A United States federal judge has ruled that former Chihuahua governor César Duarte can be extradited to Mexico to face charges of conspiracy and embezzlement of government funds.
Lauren Louis, a United States District Court judge in the Southern District of Florida, wrote in a ruling published Monday that Mexico’s extradition request satisfies the requirements of the extradition treaty between the U.S. and its southern neighbor.
“There is probable cause to believe that Duarte committed the crimes charged in the extradition complaint. I therefore certify that Duarte is extraditable as to those crimes and order Duarte detained pending both a review of Mexico’s extradition request by the Secretary of State and Duarte’s potential surrender to Mexico,” she wrote.
The former Institutional Revolutionary Party (PRI) governor, who held office in the northern border state between 2010 and 2016, fled Mexico shortly after his term ended and was arrested in July 2020 in Miami, Florida, while working at a junkyard. He has 60 days to appeal the judge’s ruling.
According to Mexico’s 13-page extradition request, Duarte is accused of embezzling at least US $6.5 million in public resources and transferring the money to two companies with which he was associated: Unión Ganadera Regional General División del Norte de Chihuahua and Financiera de la División del Norte
He is also accused of diverting 250 million pesos (US $12.3 million at today’s exchange rate) of public money to PRI political campaigns. In addition, he faces charges of deliberately putting the state of Chihuahua in debt to the tune of 48 billion pesos (US $2.4 billion).

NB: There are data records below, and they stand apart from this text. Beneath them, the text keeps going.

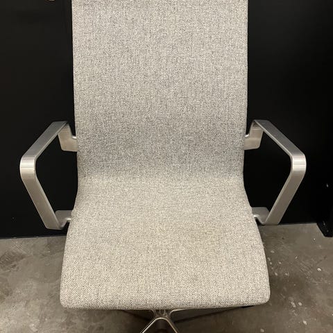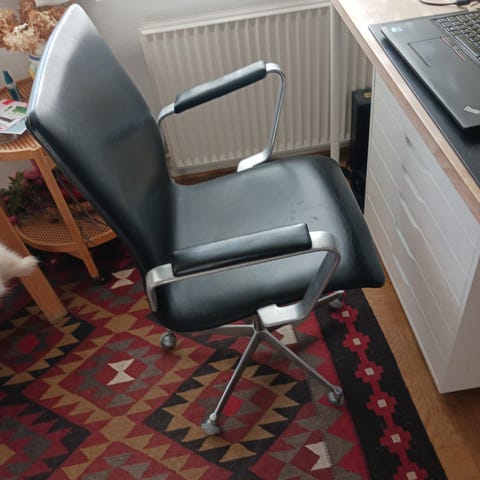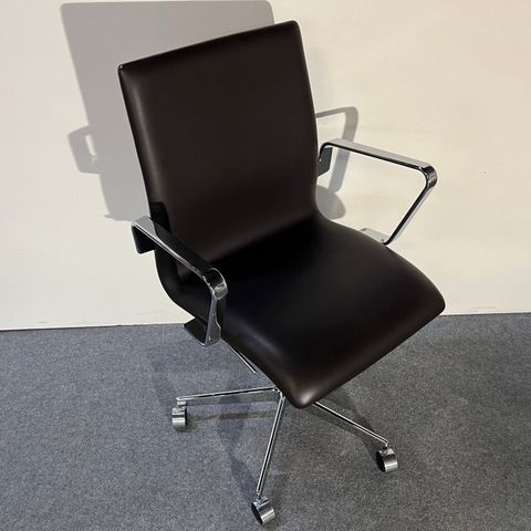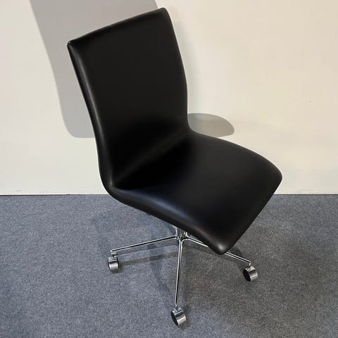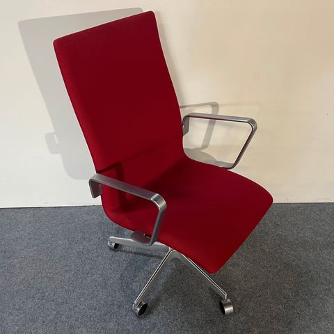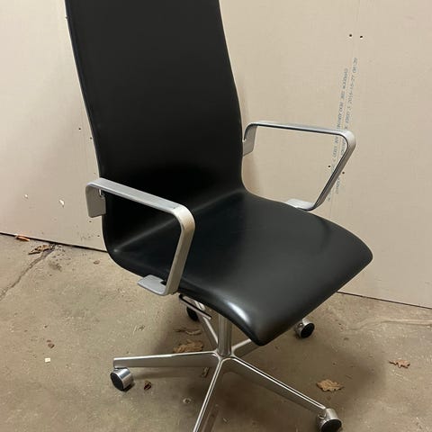 Pæn Arne Jacobsen Oxford stol m. høj ryg og armlæn. Sort tekstil på sæde og armlæn. Fempasfod med returdrej. Glidesko og/eller kontorhjul medfølger. Stand 7/10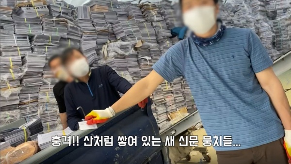 - 포장지도 뜯지 않은 신문들이 폐지로 계란판을 만드는 공장에 판매되고 있고, 특정 신문의 경우 발행되자마자 바로 동남아에 과일 포장지 용도로 말도 않되는 싼 가격에 폐지로 수출되고 있는 것이 확인된 것입니다.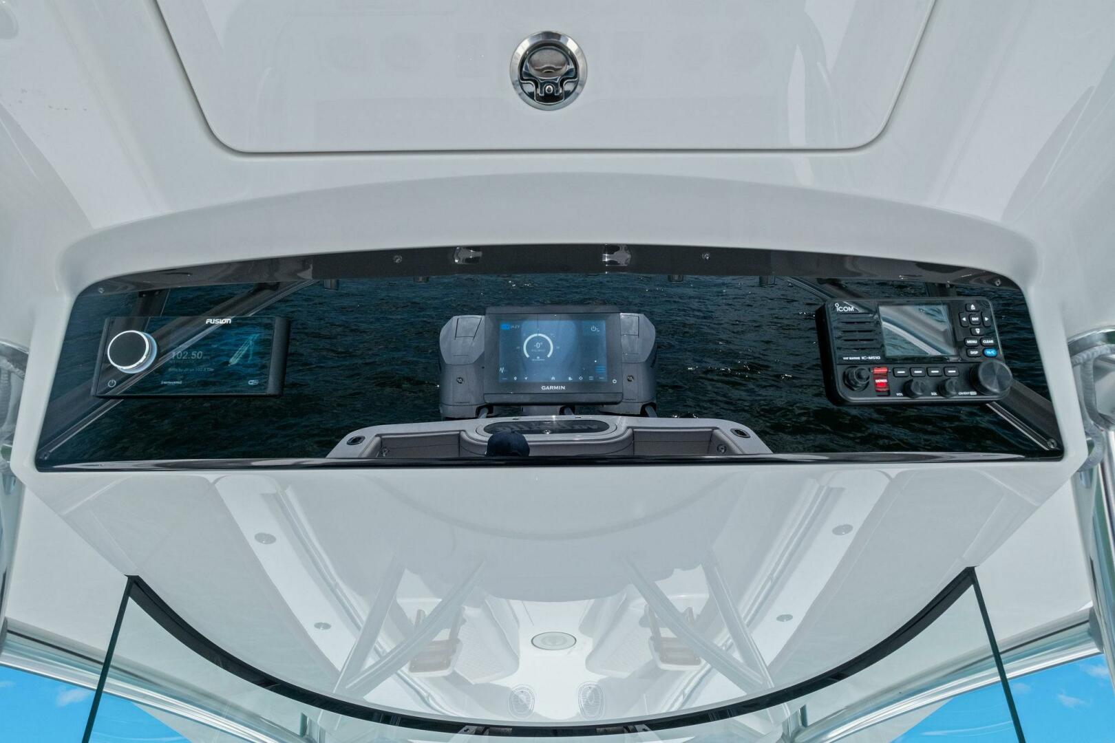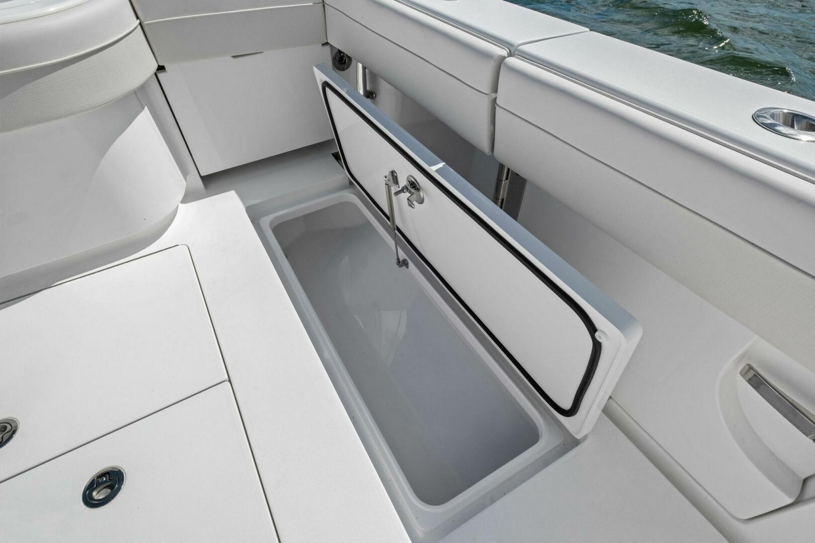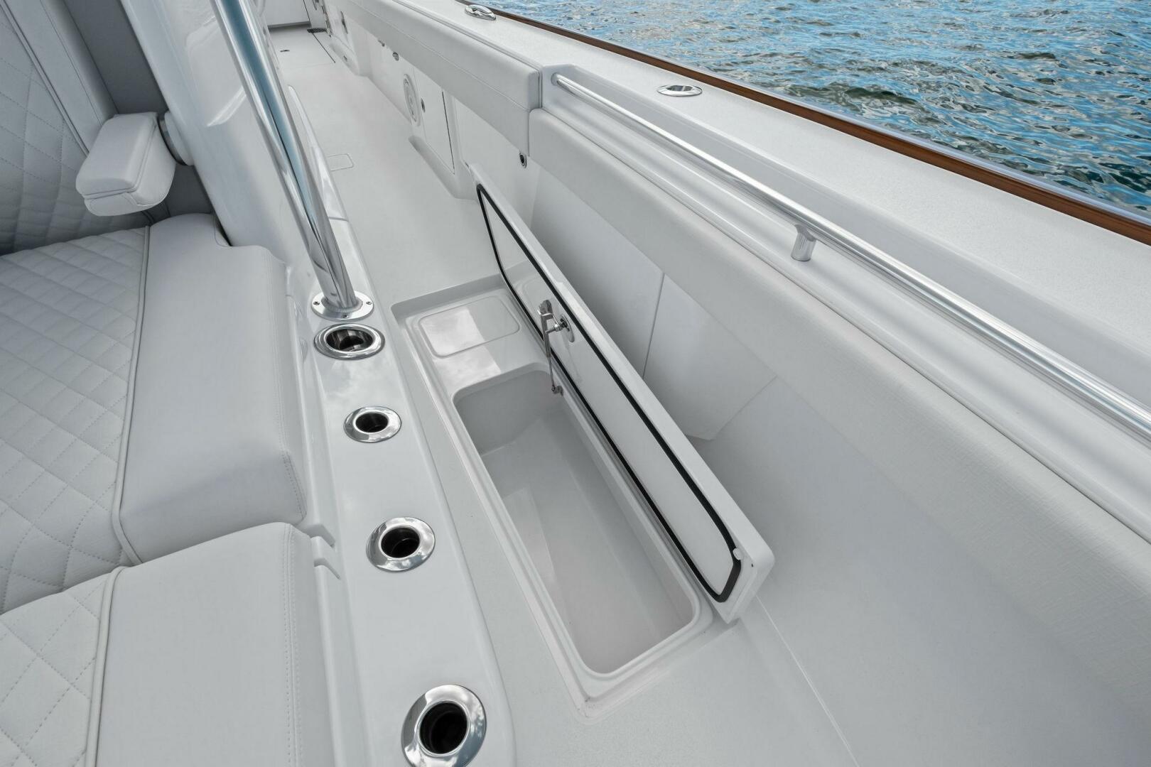 Forward, you’ll find a spacious console lounge, with the option to add port and starboard seating with forward‑facing backrests for unmatched comfort. Inside the console, you'll appreciate convenient access to rod storage, a head and sink, and all critical electronics and systems.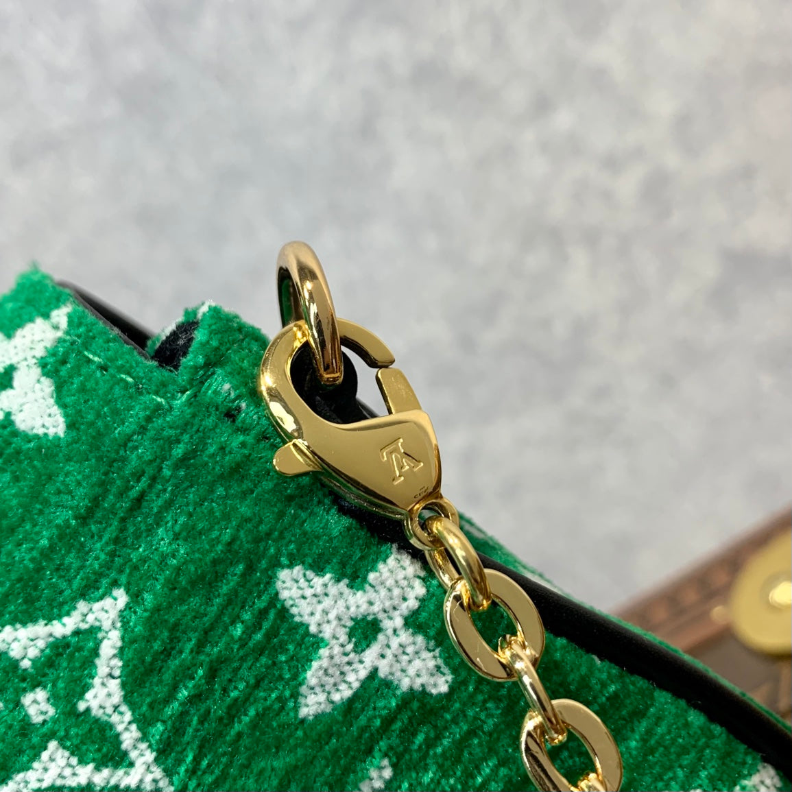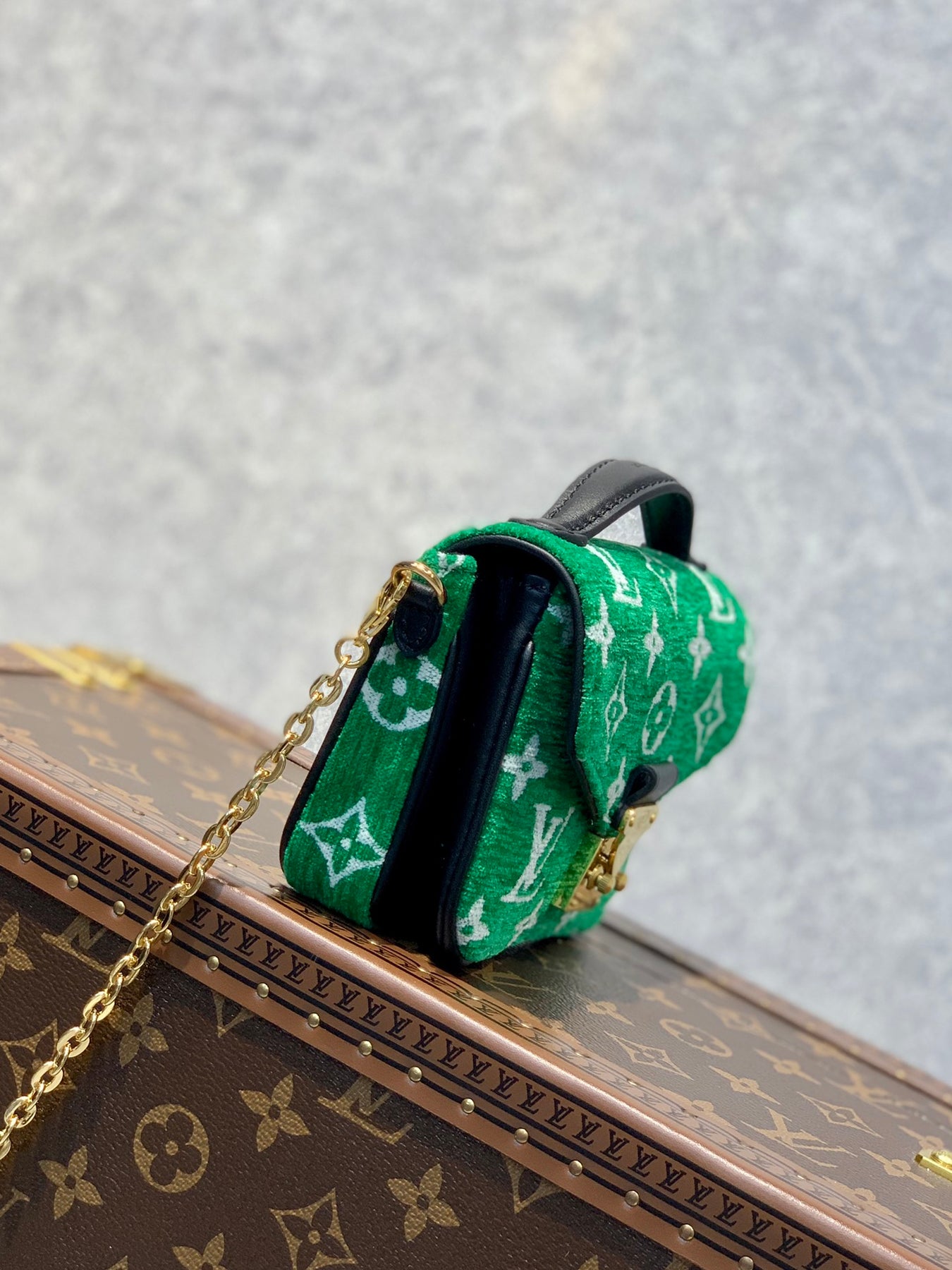 Introducing the Louis Vuitton Micro Métis Chain Bag in vibrant green, a standout piece from the LV Match series inspired by the thrill of premier tennis events. Crafted from luxurious Monogram jacquard velvet made from recycled yarn, this bag boasts a sleek, pocket-friendly design that perfectly complements any outfit. The signature S-lock clasp, echoing Louis Vuitton's heritage of hard luggage, adds a touch of sophistication to the iconic Métis silhouette. Featuring a detachable chain, this versatile bag can be worn in multiple stylish ways.
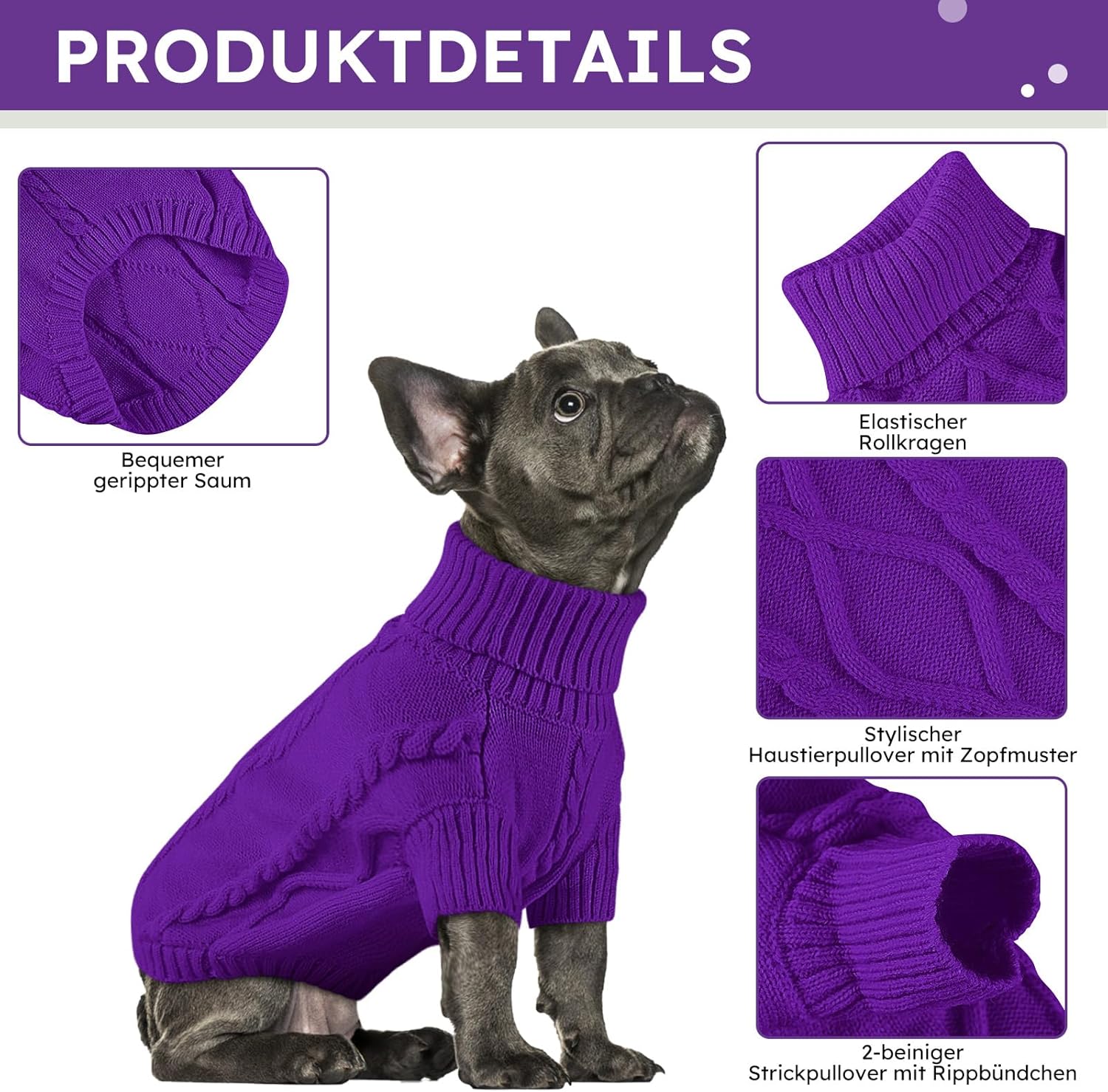 Пуловер за кучета Queenmore за големи кучета, топъл пуловер за кучета с дакел, плетено палто с плетена материя, пуловер за кучета, френски булдог, булдог, чихуахуа, котки корги, лилав, XL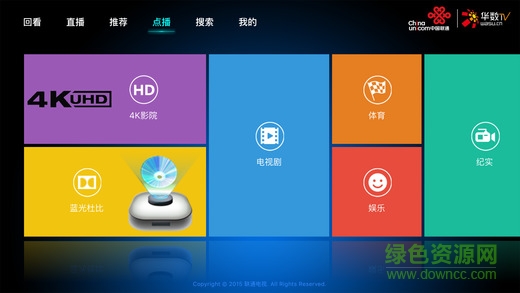 包含4K影院、蓝光杜比、电视剧、名栏目、娱乐等十二大栏目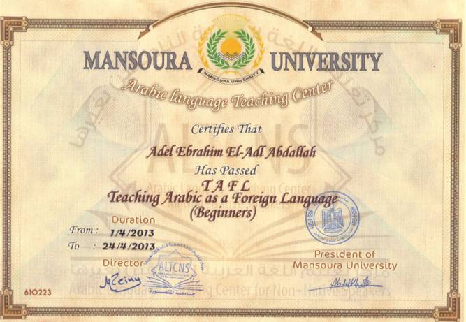 CERTIFICATE IN TEACHING ARABIC AS A FOREIGN LANGUAGE, 2013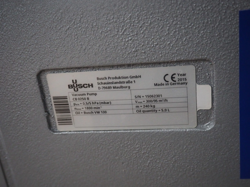Busch vacuum pump, type: CB 0250, serial number: 15062301, year of construction: 2015, capacity: 300 m³/h, dimensions: 1100 mm x 500 mm x 700 mm.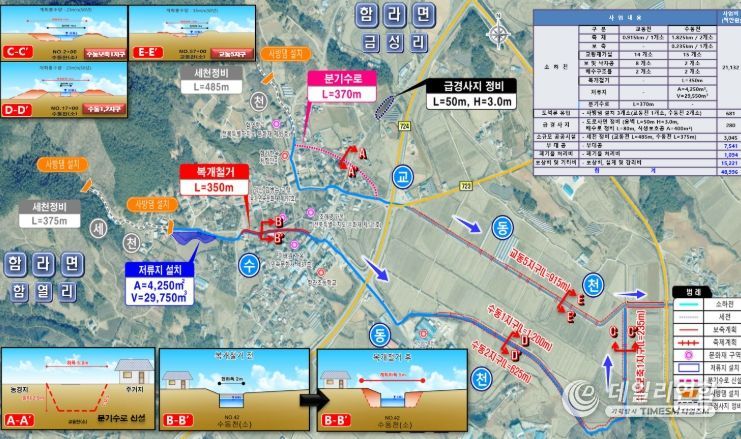 함라지구는 집중호우 시 침수 피해가 발생하고, 산지토사 유출과 노후 제방 등으로 재해 위험이 상존하는 지역이다.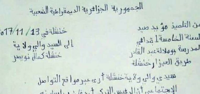 Une lettre qui aurait été écrite par un élève en cinquième année dans une école primaire de Khenchela fait le buzz sur les réseaux sociaux. Dans cette lettre adressée au wali, l’enfant évoque l’absence de chauffage dans son école.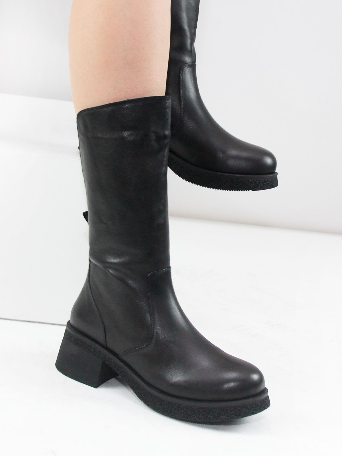 Дизайн выполнен без лишнего декора — лаконичные, стильные сапоги легко сочетаются с любым гардеробом.

All told he faces at least 20 corruption-related charges, according to a report by the newspaper El País, and 11 warrants were issued for his arrest in Mexico before his capture in the United States.
The U.S. District Court ruling said that Duarte challenges the evidence that he diverted government funds.
“Duarte was not the secretary of the treasury, he argues, and was thus incapable of directing the state’s funds and on the other side of the transaction, it was Unión Ganadera and Financiera, not Duarte, alleged to have received the funds, and he contests the government’s ability to impute the acts of these companies upon him. Thus, he argues, the evidence fails to establish that he deviated the funds,” it said.
However, “multiple witnesses have offered testimony that Duarte authorized or instructed the release of the contested funds,” Louis’ ruling said.
Defense lawyers for Duarte claim that their client is a victim of political persecution led by his successor Javier Corral, who completed his five-year term in September.
They claim that Corral, who held office for the National Action Party (PAN) and was a strong advocate for Duarte’s extradition, pressured witnesses to testify against his predecessor.